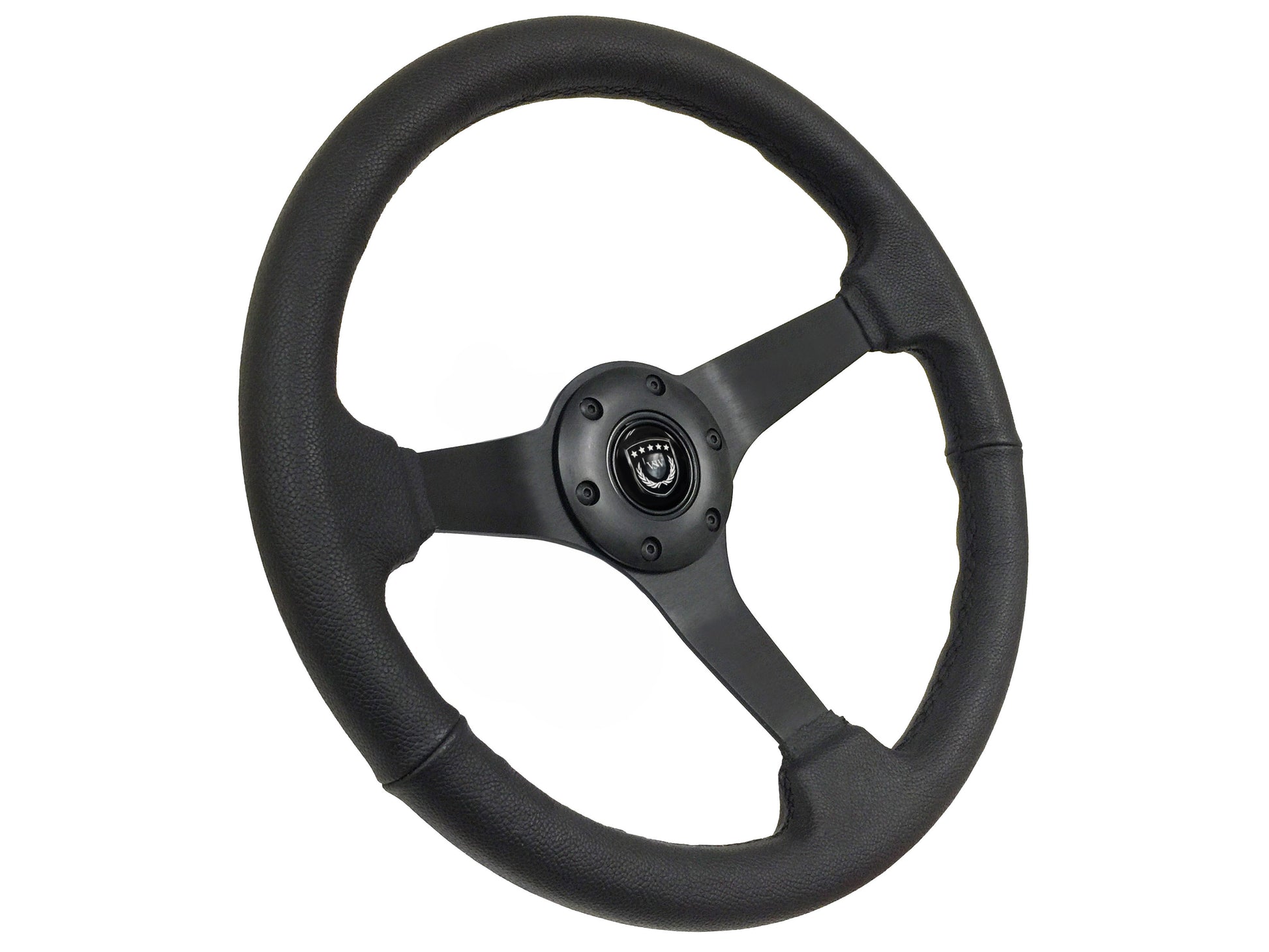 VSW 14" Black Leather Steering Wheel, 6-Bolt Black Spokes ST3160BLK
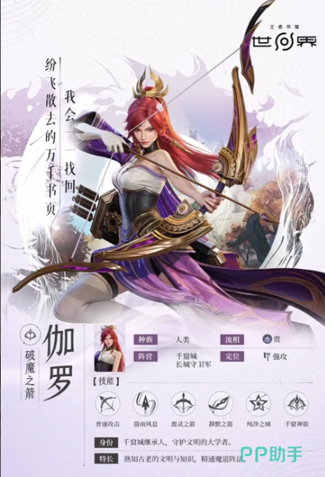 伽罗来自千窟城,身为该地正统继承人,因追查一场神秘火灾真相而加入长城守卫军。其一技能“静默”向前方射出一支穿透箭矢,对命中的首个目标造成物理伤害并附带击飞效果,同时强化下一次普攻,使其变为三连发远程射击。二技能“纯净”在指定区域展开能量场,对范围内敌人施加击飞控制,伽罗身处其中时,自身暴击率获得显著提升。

++++

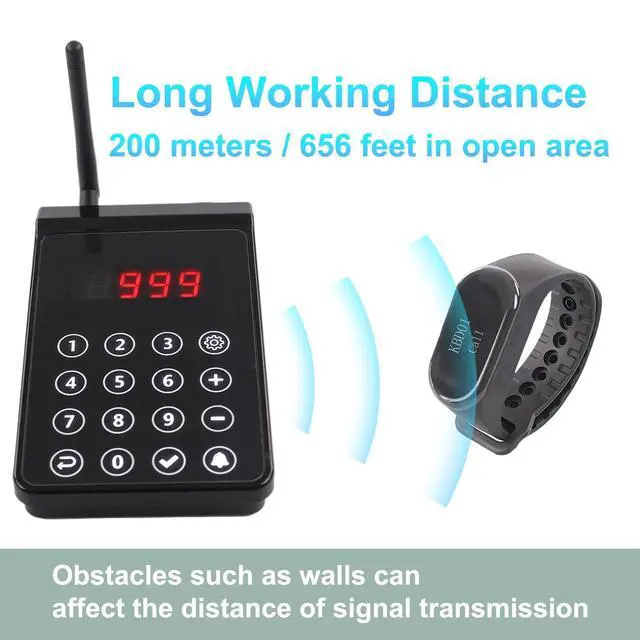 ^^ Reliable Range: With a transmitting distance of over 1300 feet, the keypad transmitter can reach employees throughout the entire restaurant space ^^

++++

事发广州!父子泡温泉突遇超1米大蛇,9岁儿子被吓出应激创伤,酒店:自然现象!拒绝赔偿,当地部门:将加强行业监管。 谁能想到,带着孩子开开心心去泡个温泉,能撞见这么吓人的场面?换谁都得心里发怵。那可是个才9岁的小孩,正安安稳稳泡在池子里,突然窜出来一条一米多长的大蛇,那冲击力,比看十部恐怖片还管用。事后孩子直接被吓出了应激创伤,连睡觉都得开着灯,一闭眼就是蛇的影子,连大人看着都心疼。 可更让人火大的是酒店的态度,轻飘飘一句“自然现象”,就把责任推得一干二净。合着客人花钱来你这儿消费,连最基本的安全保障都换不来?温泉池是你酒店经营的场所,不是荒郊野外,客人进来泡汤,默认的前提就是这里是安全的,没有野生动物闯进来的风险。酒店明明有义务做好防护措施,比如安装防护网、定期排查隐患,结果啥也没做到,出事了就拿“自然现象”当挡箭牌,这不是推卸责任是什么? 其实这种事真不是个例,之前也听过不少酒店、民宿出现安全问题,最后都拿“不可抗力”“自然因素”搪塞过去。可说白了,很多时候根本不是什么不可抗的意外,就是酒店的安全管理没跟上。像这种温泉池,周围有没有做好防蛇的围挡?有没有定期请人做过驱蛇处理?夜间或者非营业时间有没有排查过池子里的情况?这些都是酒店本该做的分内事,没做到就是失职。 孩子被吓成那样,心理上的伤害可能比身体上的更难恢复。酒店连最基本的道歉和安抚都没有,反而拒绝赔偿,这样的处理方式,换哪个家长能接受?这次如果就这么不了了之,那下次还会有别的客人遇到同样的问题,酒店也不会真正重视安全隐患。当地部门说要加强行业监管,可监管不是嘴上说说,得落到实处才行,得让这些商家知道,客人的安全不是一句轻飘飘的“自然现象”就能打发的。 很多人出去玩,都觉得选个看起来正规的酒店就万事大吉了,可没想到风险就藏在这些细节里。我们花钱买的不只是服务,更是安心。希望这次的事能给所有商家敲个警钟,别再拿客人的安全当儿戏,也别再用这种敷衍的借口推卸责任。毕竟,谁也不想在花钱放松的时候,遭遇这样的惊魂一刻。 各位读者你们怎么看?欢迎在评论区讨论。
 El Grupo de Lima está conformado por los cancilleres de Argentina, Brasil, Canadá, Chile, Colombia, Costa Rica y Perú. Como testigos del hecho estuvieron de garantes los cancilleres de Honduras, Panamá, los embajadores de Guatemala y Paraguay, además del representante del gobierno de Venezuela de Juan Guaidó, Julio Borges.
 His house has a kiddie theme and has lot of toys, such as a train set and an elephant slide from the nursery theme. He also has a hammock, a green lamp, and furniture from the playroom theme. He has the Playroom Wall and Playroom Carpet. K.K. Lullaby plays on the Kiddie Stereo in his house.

++++

Problem = Take the entries above and copy exactly the lines starting at the one with "Black Spokes ST3160BLK" and ending at the one with "伽罗来自千窟城,身为该地正统"; nothing outside that span, and no pictures.

Expected answer =
 VSW 14" Black Leather Steering Wheel, 6-Bolt Black Spokes ST3160BLK
 伽罗来自千窟城,身为该地正统继承人,因追查一场神秘火灾真相而加入长城守卫军。其一技能“静默”向前方射出一支穿透箭矢,对命中的首个目标造成物理伤害并附带击飞效果,同时强化下一次普攻,使其变为三连发远程射击。二技能“纯净”在指定区域展开能量场,对范围内敌人施加击飞控制,伽罗身处其中时,自身暴击率获得显著提升。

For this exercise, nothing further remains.